A Low-Tech Upgrade for 411 Creates Efficiency
Bell Atlantic rolls out a semi-automated directory assistance
If you think you're conversing with a computer when you dial 411 in the mid-Atlantic region, think again: You're actually talking to a tape recorder.
Bell Atlantic recently modernized its directory assistance service. When you dial 411, after being welcomed to Bell Atlantic by the booming baritone of James Earl Jones, a synthetic voice asks you for the city and then the listing you are trying to locate. After a brief pause, a real operator comes on the line and asks you to hold for your number, after which the machine takes over again to recite the number and offer direct dial service for an additional 30 cents.
Contrary to what one might think, this process does not employ voice-recognition technology. That much-discussed but little-deployed technology is not yet able to accurately and consistently discern various dialects, accents and other subtle nuances that comprise human speech.
Rather, the Bell Atlantic system is actually based on a recording and compression device that captures the voice, compresses the call to filter out the pauses, "umms" and "ahs" and then plays it back to an operator, who punches the number up on a computerized database.
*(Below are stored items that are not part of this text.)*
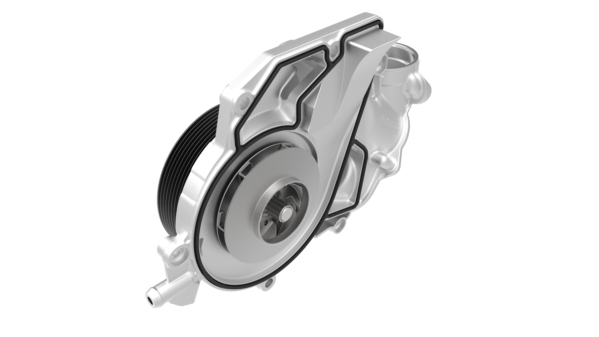 Die riemengetriebene Kühlmittelpumpe ist beispielgebend für das Prinzip einer Kreiselpumpe. Während mittels Zentrifugalkraft Flüssigkeit transportiert wird, ermöglicht die elektrisch gesteuerte Kupplung eine direkte Leitung von der Riemenscheibendrehzahl am Laufrad.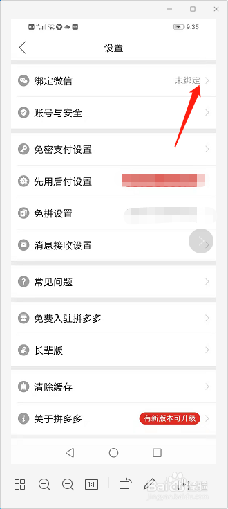 在拼多多软件中,可以点击打开设置界面,点击选择微信绑定选项,即可绑定微信账号。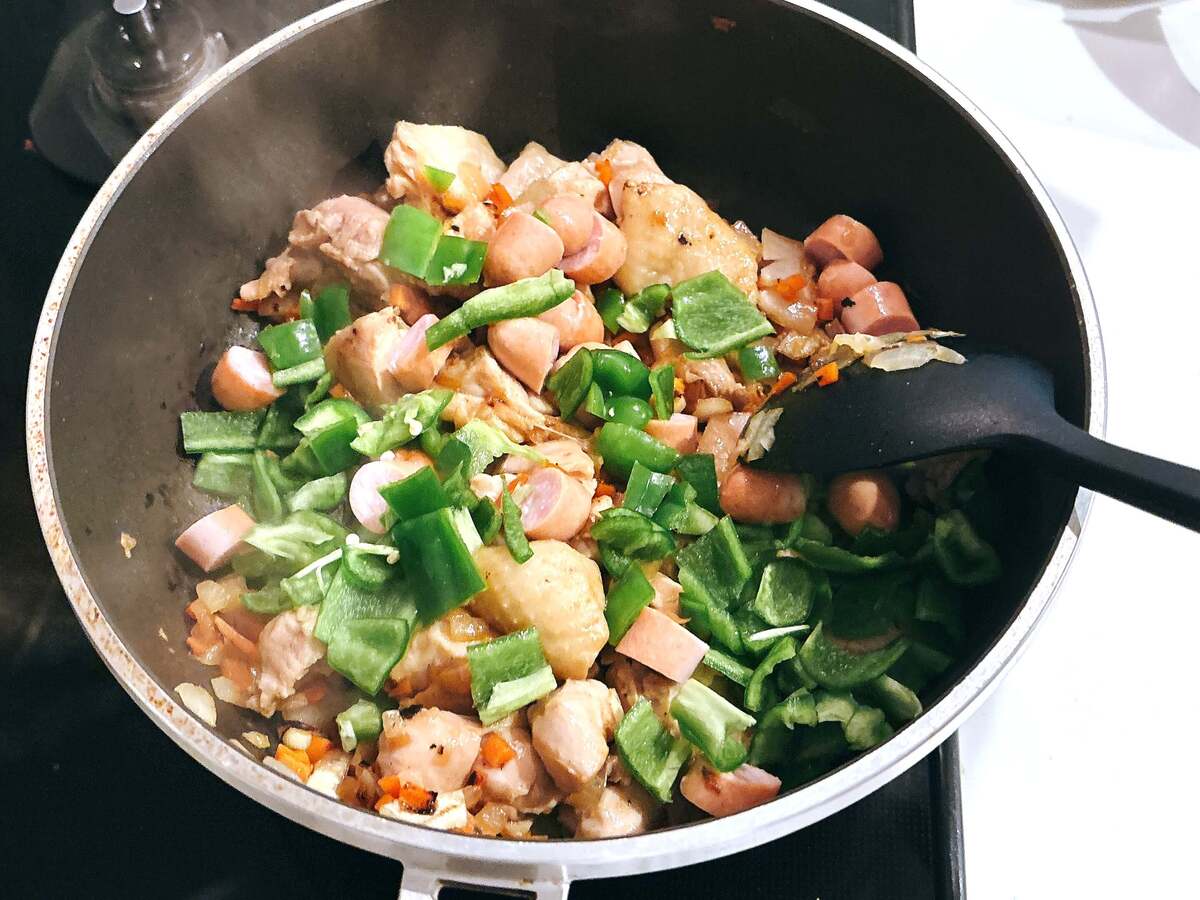 鶏肉に火が通ったところで、ソーセージとピーマンも加えます。ピーマンの食感と風味が残るよう、さっと炒める程度でOKです。

The process, said Bell Atlantic spokesman Michel Daley, saves operators an average of 1.4 seconds per directory assistance call out of a typical 24-second call. So why bother? From Bell Atlantic's view, if you multiply the 1.4 seconds by 850 million, the amount of directory assistance requests the company receives every year, you're talking real time and real money.
"From our standpoint, it provides greater efficiency in handling directory assistance," said Daley, who also said the new service allows operators to field more calls per day. The system, developed by BellCore and already used by US West and BellSouth, he added, also eliminates the monotony for operators who no longer have to ask the same question more than a thousand times a day.
And how well does it work? If you ask for an unusual or extraordinarily long listing, the system will sometimes asks you to hold for an operator, as it does if you answer the voice prompts with silence.
Daley said the system does what it was designed to do, and has been well-received by more than 95 percent of surveyed Bell Atlantic operators and customers. And callers who prefer human interaction, he pointed out, have the option of pressing "0" at any time to connect directly to an operator. An overwhelming majority of callers, he said, choose not to exercise that option.
Besides helping improve Bell Atlantic's bottom line, the new directory assistance system is novel in that it represents a rare instance of technology deployment not leading to unemployment.
"This system is not designed to replace operators, it is designed to help them do their jobs better," he said.
However, Daley added, Bell Atlantic plans to fire or ease out 5,600 people in its 75,000 workforce over three years, cuts that will hit the approximately 4,500 operators as well. While this particular technology won't generate any pink slips, Daley said the company intends to deploy voice recognition systems when technology permits, a move that will further, if not completely , automate the directory assistance process.
"We have had to find ways to create greater efficiencies - we are facing more competition," said Daley. "We're not a monopoly any more."